Fetal Diagn Ther 2019 6;46(4):246-256. Epub 2019 Feb 6.

Fetal Medicine Unit, Department of Obstetrics and Fetal Medicine, Necker-Enfants Malades Hospital, Université Paris Descartes, Sorbonne Paris Cité, Paris, France.

The aim of this study was to review the perioperative complication rates and neonatal outcomes after fetoscopic release of amniotic bands that caused bilateral limb constrictions. We present 5 cases of limb constriction by amniotic bands occurring spontaneously or following fetoscopic surgery and also include a review of 21 previously published cases. The cases were analyzed for indication, surgical technique, and postoperative follow-up. In our population and the literature, the majority of the children acquired a functional limb (75%), with few perioperative complications (15%). Fetal morbidity was mainly linked to the consequences of preterm premature rupture of the membranes (38.4%) and preterm birth (34.7 GW). The mortality rate was low (7.7%).

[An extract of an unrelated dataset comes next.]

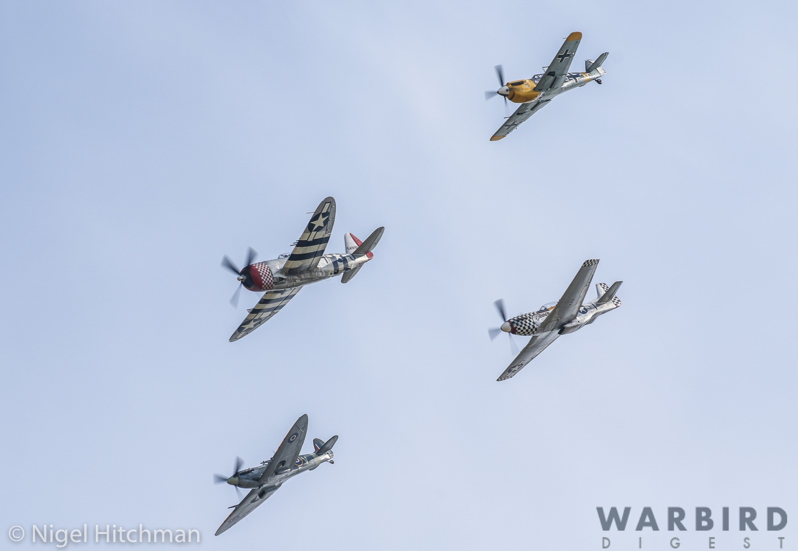 John Gowdy in Republic P-47D Thunderbolt 45-49192 Nellie B and Andy Durston in North American P-51D Mustang 44-84847 Contrary Mary. (photo by Nigel Hitchman)

This review only describes amniotic bands causing limb constriction, and illustrates that fetoscopic surgery for their release is technically feasible with an acceptable perioperative complication rate. However, the 75% success rate is very likely to be an overestimation of the true success rate. In view of these observations we cannot recommend treatment for cases where the fetus has been extensively affected by the bands. We believe, however, that we could consider this technique for a fraction of amniotic band syndrome cases isolated to the limb constrictions. This kind of surgery should be proposed as a potential treatment for amniotic band syndrome.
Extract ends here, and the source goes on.